Snapshots of the larval zebrafish during the axial rotation using artificial cilia. a An optical microscope image at the magnification of 50×. bf Fluorescent images (20×) showing the DsRED signals from the blood cells inside the larva with duty cycle of 0 % (b), 20 % (c), 40 % (d), 60 % (e), and 80 % (f). The dashed white rectangle highlights the region of interest where both the dorsal aorta (upper vessel) and the posterior cardinal vein (lower vessel) go from appearing to vanishing on the image plane when the duty cycle increases from 0 to 80 %

4 Conclusions

A first successful attempt of manipulating the orientation of zebrafish larvae through the underlying artificial cilia actuation was demonstrated to provide a robust platform for biological screening.
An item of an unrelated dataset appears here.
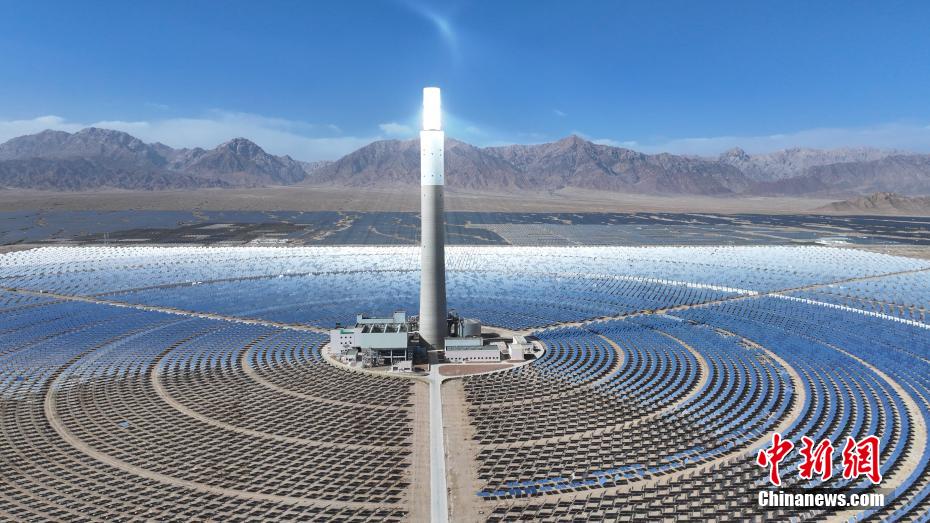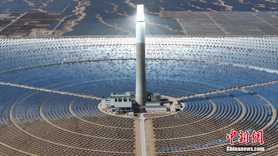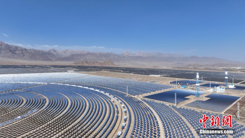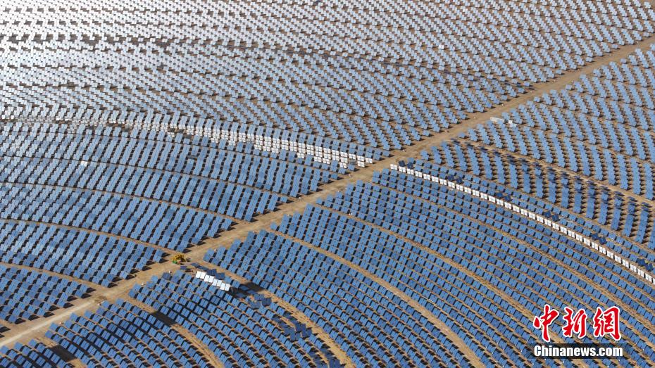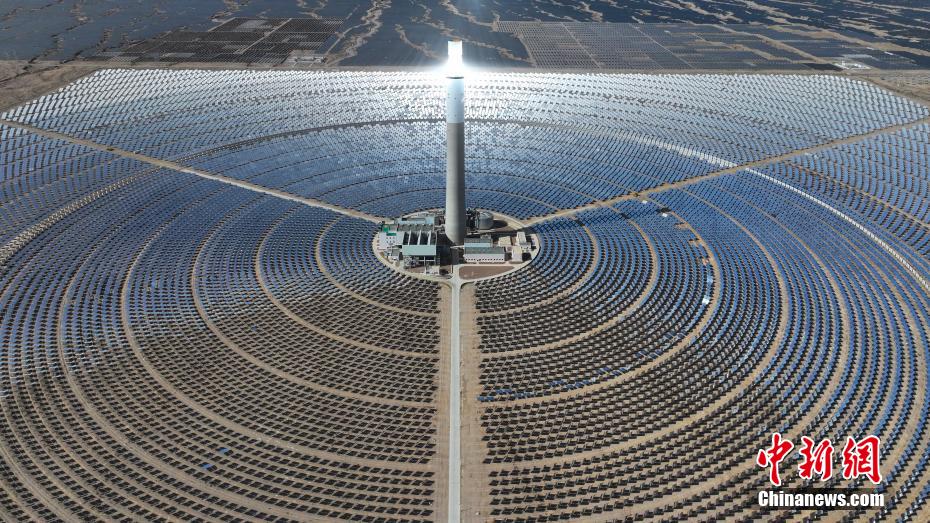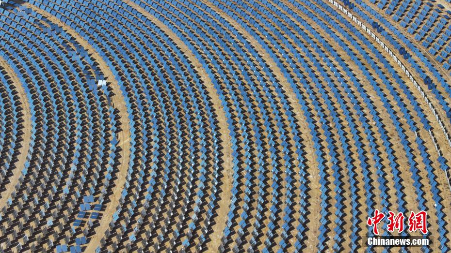 4月15日,航拍位于青海省海西蒙古族藏族自治州德令哈市境內(nèi)的青海中控50MW光熱電站,如戈壁灘上的“藍(lán)色海洋”。該光熱電站是中國(guó)首批光熱發(fā)電示范項(xiàng)目之一,也是全球首個(gè)年發(fā)電量超過年設(shè)計(jì)發(fā)電量的塔式熔鹽儲(chǔ)能光熱電站。裝機(jī)容量達(dá)50MW,鏡場(chǎng)采光面積達(dá)54.27萬平方米,配置有7小時(shí)熔鹽儲(chǔ)能系統(tǒng),每年可節(jié)約標(biāo)準(zhǔn)煤約4.8萬噸,減排二氧化碳?xì)怏w約12.4萬噸。(無人機(jī)照片)中新社記者 馬銘言 攝
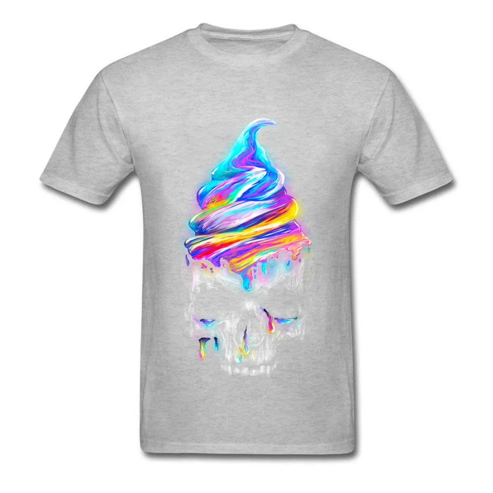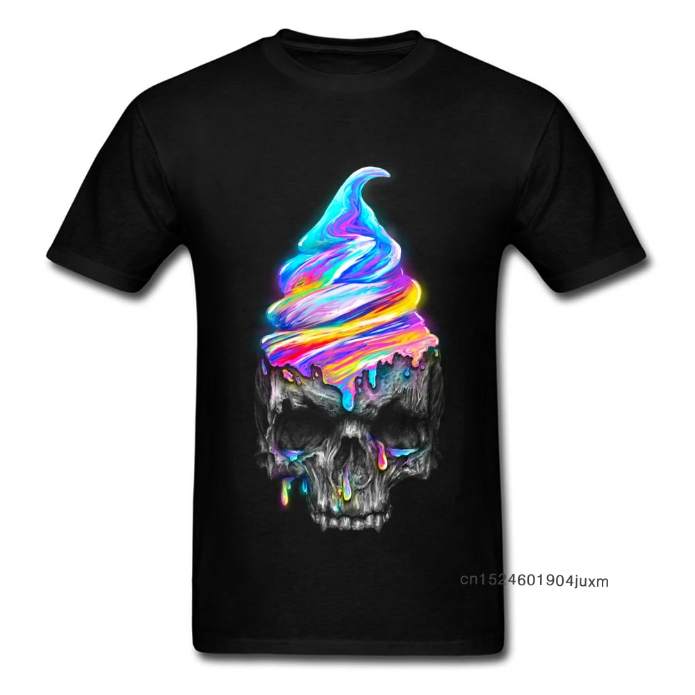 Футболка Fresh To Death, Мужская футболка, летняя футболка с радужным принтом мороженого, черные Топы И Футболки с 3D черепом, хлопковая уличная одежда

Through the presented microfluidic paradigm, larvae with size differences in a certain range can be rotated axially with high accuracy in a stepwise manner. This feature is beneficial for time-lapse imaging. Integration of additional access ports to the current design is also possible for chemical injections of larvae. Altogether, an orientation control platform was developed for diverse biomedical assays that is robust, has a high degree of orientation control, and has a less detrimental impact on in vivo screening.